Last year I tried to write my entire novel in one month. It didn't happen. I'm still working on the same novel.  

November is "National Novel Writing Month". The objective: write an entire novel in a month. If not from start-to-finish, then at least finish the novel you're already working on by stroke of midnight on the 30th.There is a whole following behind this--even a website where you can track your progress. 

I got really excited when first I heard about this--this was my chance to finally get my novel done. My chance to finally get my novel STARTED! And what better way, I thought,  than to join the thousands of others who were, even now, typing away furiously, scribbling madly, their thoughts flying faster than their fingers in desperate attempt to catch and pin down the unraveling threads of their works that for so long had remained stubbornly tangled. 

Spurred on with a new fervor, I got straight to work. I wrote 2,000 words the first day, sitting in the tiny living room my then-fiance-now-husband and I shared, us working elbow-to-elbow as his "office" was actually just a desk shoved in the corner next to the tiny love-seat on which I sat, laptop perched on my knees. 

The second day I wrote 3,000 more words. By the end of the first week in November, I had almost 12,000 words.

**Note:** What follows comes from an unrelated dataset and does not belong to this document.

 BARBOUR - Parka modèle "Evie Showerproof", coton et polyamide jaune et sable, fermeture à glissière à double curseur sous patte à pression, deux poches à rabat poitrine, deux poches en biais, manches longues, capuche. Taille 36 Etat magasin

I was ecstatic. More Facebook posts than you can even imagine about #myfirstnovel and #NaNoWriMo. I even got excited when I saw other people posting about their progress! I had myself convinced my novel was going better than theirs, that I would succeed where they failed. 

That didn't happen. I didn't finish my novel by November 30. The midnight bells tolled and I felt like the biggest pumpkin possible. 

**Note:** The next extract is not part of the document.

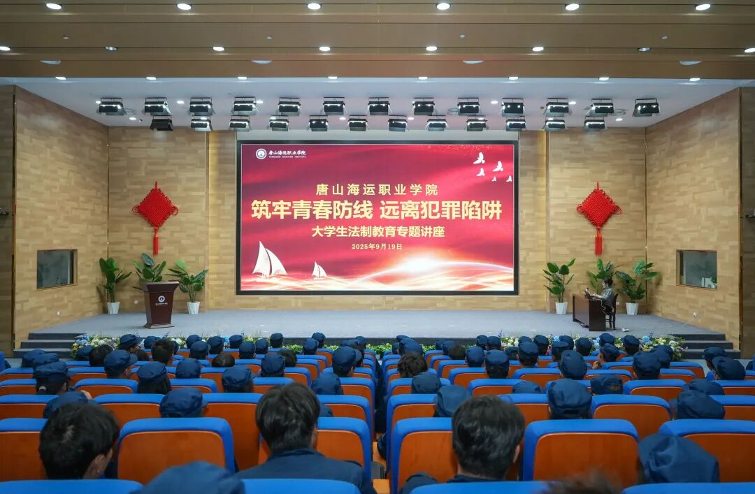 为进一步增强大学生的法治观念和安全防范意识,引导青年学生树立正确的价值观,筑牢平安校园的坚实基础,9月19日,唐山海运职业学院学生工作处与资产处携手,在学术报告厅开展了一场以“筑牢青春防线,远离犯罪陷阱”为主题的法制教育专题讲座。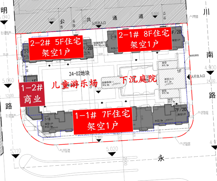 地块拟建5-8层洋房产品,一楼全部架空,社区内部有下沉式庭院,儿童游乐场;另需建设部分商业配套设施等。

But I knew why I hadn't finished--NaNoWriMo didn't work for me. It wasn't just that work got busy, that I was travelling, that I found other things to do than to sit for two hours each day and furiously write write write. 

My mind just didn't work that way. My mind STILL doesn't work that way. It's another year gone and my novel is still not done. 

And that is completely fine. I'm going to take as long as I need to get it done right. Even now I try to work on my novel every day. I am certainly not getting 3,000 words every day but am doing more small edits. I am polishing little spots rather than chipping away big chunks. 

For any one else working on their first novel, or their fourteenth, or the ones who are polishing and chipping away at things, keep going. Years may pass--pay them no heed. Spare yourself time and effort spent worrying about the work and focus on doing instead.

It's the hardest thing in the world to sit in the chair and stare at empty pages. You have to fill them over and over. Fill the pages, and make them count.